Use them dirty if you like. By the way I think somebody used one to remove their phone from the toilet.
Hahaha. I like that one better.
I don’t think this is passive aggressive at all, this is just regular management.
Problem -> identify problem.
Passive aggressive would be to insult you without talking about you at all, e.g. I guess someone who doesn’t care about this company also doesn’t care enough to keep the sink clean.
Imho, if your boss sees a mess, and says, “Clean up this mess,” there’s no snappy answer possible. Anything you say is an excuse, whining, or “being difficult.”
For my example I would respond with, “Thank god they get promoted out of here so quick.”
Do you remember the kid’s song “A hole in the bucket Dear Liza”?
Sing it!
There are forks in the sink
The sink is by the fridge
The fridge is in the kitchen
The kitchen is in the office
The office has the boss
Who bitches about ev-ery-thing.
I don’t know how to type with rhythm.
I had an awful day and this one cracked me up. Thanks.
“G’wan, fire me. I dare you.”
“You think THAT’S bad? You wouldn’t believe where the spoons are!”
Time for the passive agressive pit bull.
I’d go with mom, especially if you look over 30.
“What other option did I have? It’s not like my mom’s gonna drive over here every day. Sheesh!”
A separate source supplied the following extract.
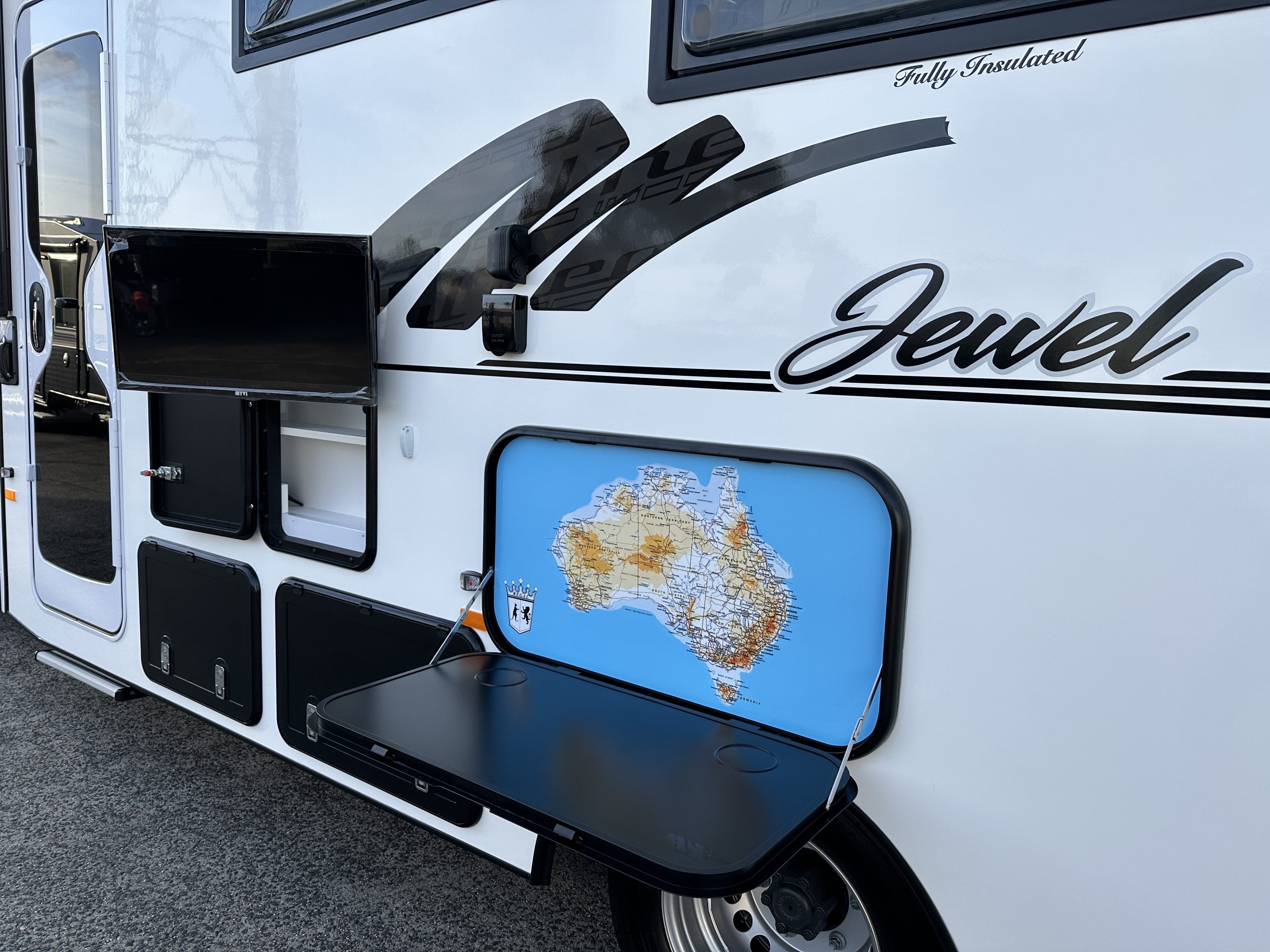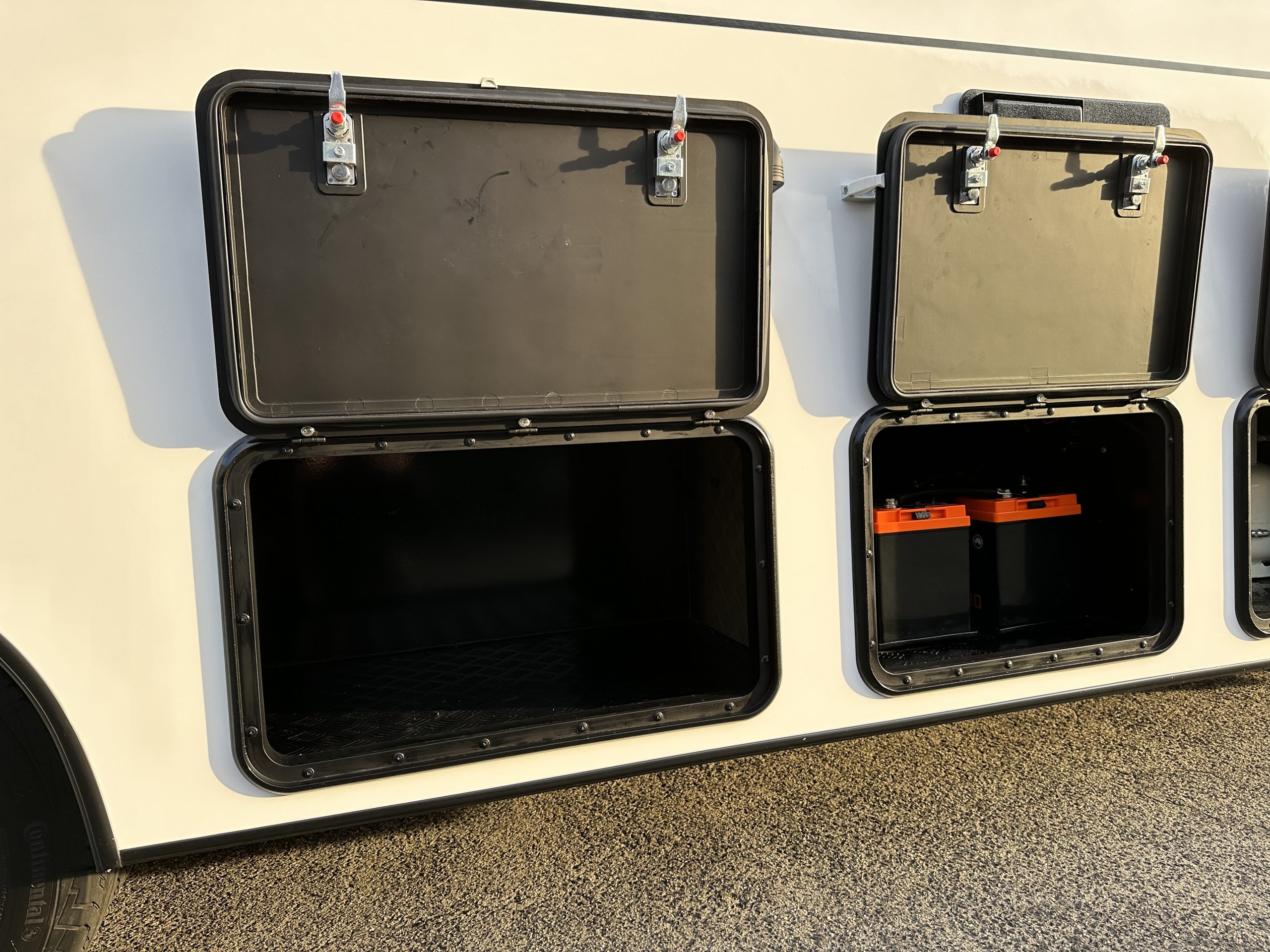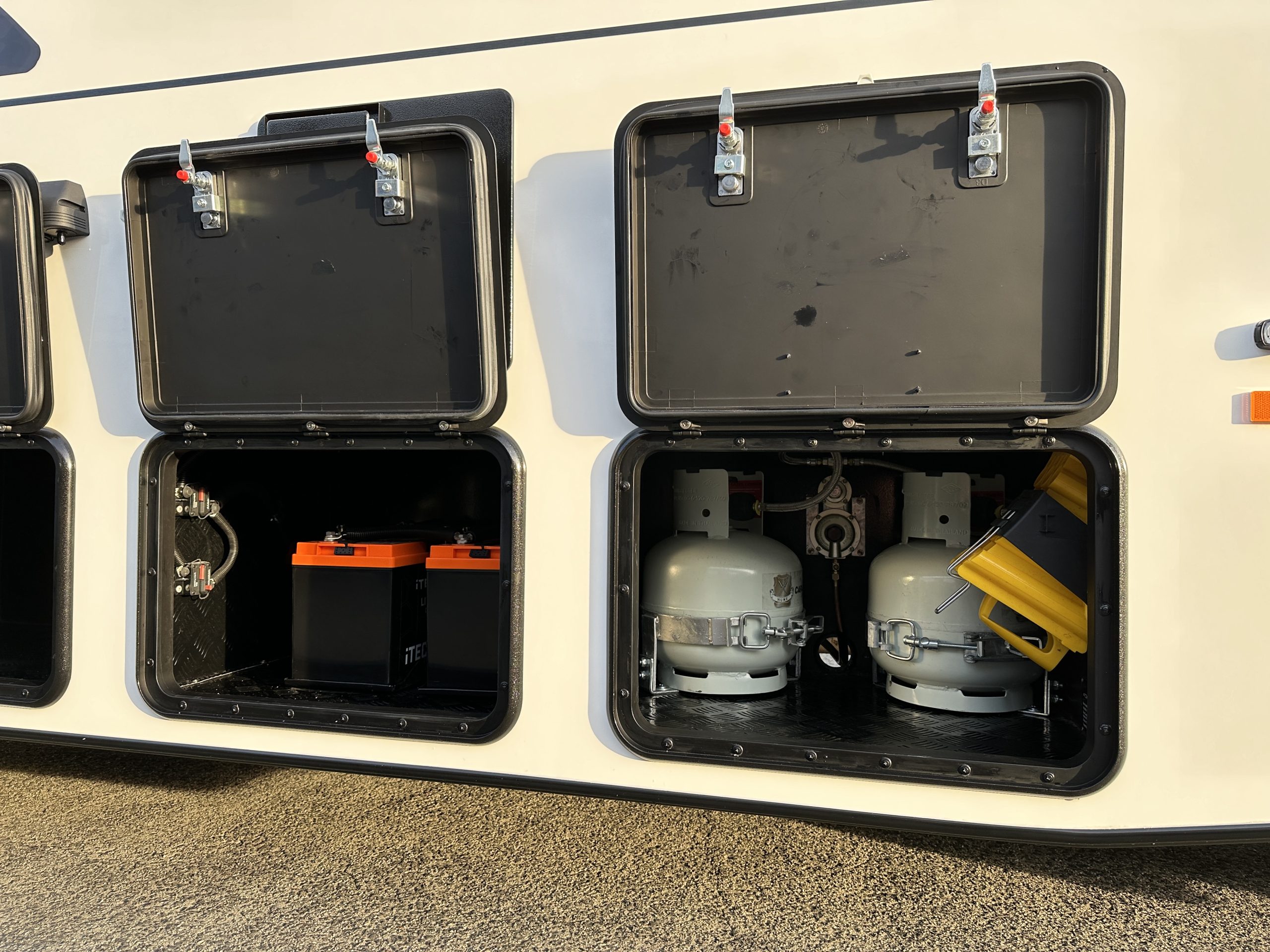 - 3 x Lockers on Drivers Side, 1 x Gas Compartment, 1 x Battery Compartment & 1 x Storage
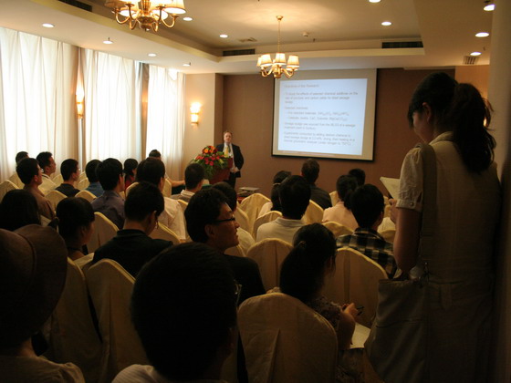 开幕式后进行大会主题报告(Keynote Speech),美国State University of New York at Binghamton(纽约州立大学)钟传建教授、澳大利亚James Cook University(詹姆斯库克大学)何英和教授、开云kaiyun体育/中科院长春应化所曹学强教授、中科院大连化物所孙立贤教授、开云kaiyun体育曹忠教授等五位专家学者分别就绿色能源纳米工程材料与生物医药应用、结构化单分散微胶囊、EB-PVD沉积稀土热障涂层、新型储氢和相变材料、化学/生物传感等领域的最新研究成果做了精彩的大会报告,获得与会代表的热烈掌声。

This one would have been particularly effective, given the germophobia of the woman in question. Gawd, I wish I could think on my feet!
There’s only one solution. Any time someone says something you don’t like you need to reply “I’ll be right back.” We’ll be here waiting.

“There are *forks *in the sink. And I’m *not *washing dishes!”
Ok, I’ll do the dishes, you do the forks.